╭──

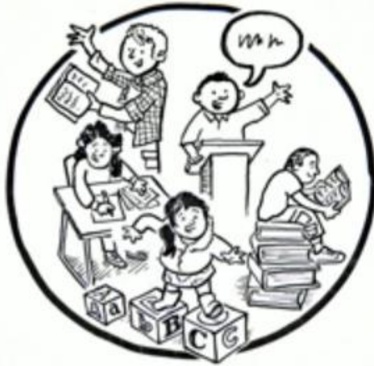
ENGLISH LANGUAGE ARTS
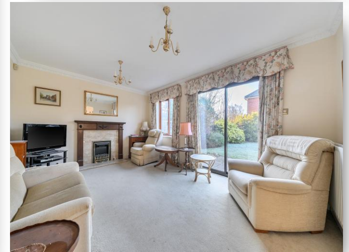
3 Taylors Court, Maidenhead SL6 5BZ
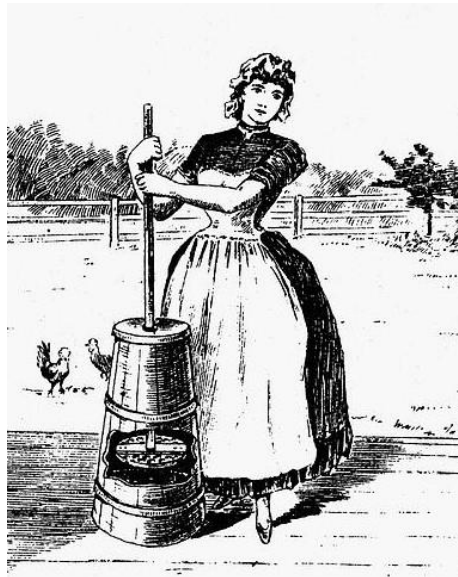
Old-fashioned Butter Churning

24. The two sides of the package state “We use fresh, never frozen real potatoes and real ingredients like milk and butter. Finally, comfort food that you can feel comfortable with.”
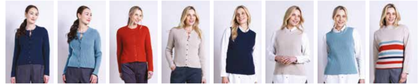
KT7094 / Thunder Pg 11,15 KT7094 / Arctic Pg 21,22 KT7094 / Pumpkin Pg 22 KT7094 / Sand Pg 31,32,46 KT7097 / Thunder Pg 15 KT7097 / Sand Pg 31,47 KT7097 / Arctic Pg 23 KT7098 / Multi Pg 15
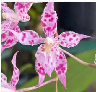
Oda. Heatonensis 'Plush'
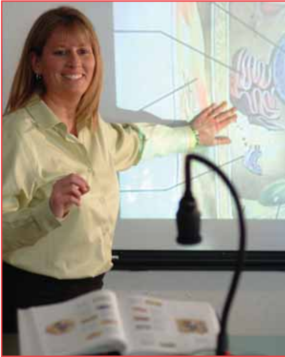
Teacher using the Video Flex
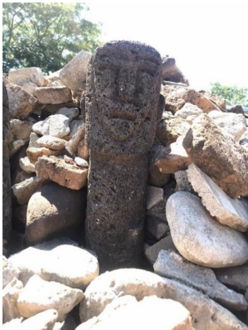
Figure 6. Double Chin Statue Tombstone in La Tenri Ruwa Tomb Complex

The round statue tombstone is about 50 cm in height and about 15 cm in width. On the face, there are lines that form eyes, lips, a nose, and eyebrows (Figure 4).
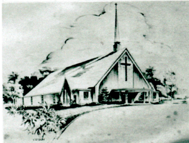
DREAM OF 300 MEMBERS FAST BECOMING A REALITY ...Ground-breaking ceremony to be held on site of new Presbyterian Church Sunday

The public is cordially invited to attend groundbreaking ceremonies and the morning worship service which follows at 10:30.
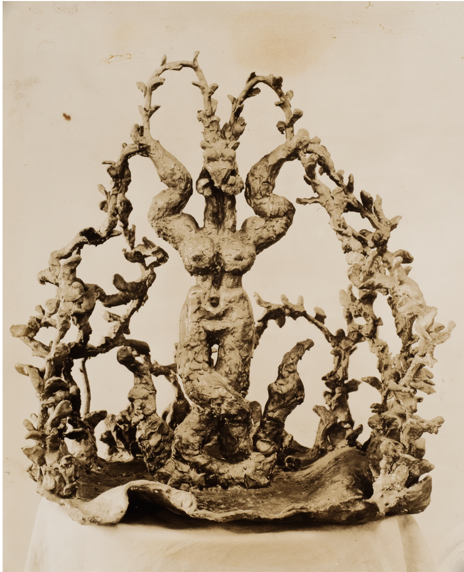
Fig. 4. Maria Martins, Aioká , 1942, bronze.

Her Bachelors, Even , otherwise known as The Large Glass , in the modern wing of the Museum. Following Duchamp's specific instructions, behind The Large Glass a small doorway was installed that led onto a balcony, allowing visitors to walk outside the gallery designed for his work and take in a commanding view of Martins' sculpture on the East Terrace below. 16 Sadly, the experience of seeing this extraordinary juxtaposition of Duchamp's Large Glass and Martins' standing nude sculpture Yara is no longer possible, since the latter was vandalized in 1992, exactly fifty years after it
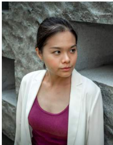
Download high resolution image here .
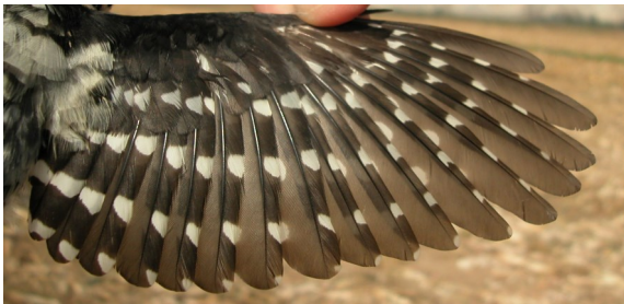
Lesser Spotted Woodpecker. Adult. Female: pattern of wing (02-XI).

╰──

§ The task
Please find every line in the listing that holds the string "Figure" and copy it.

§ Written solution
Figure 6. Double Chin Statue Tombstone in La Tenri Ruwa Tomb Complex
The round statue tombstone is about 50 cm in height and about 15 cm in width. On the face, there are lines that form eyes, lips, a nose, and eyebrows (Figure 4).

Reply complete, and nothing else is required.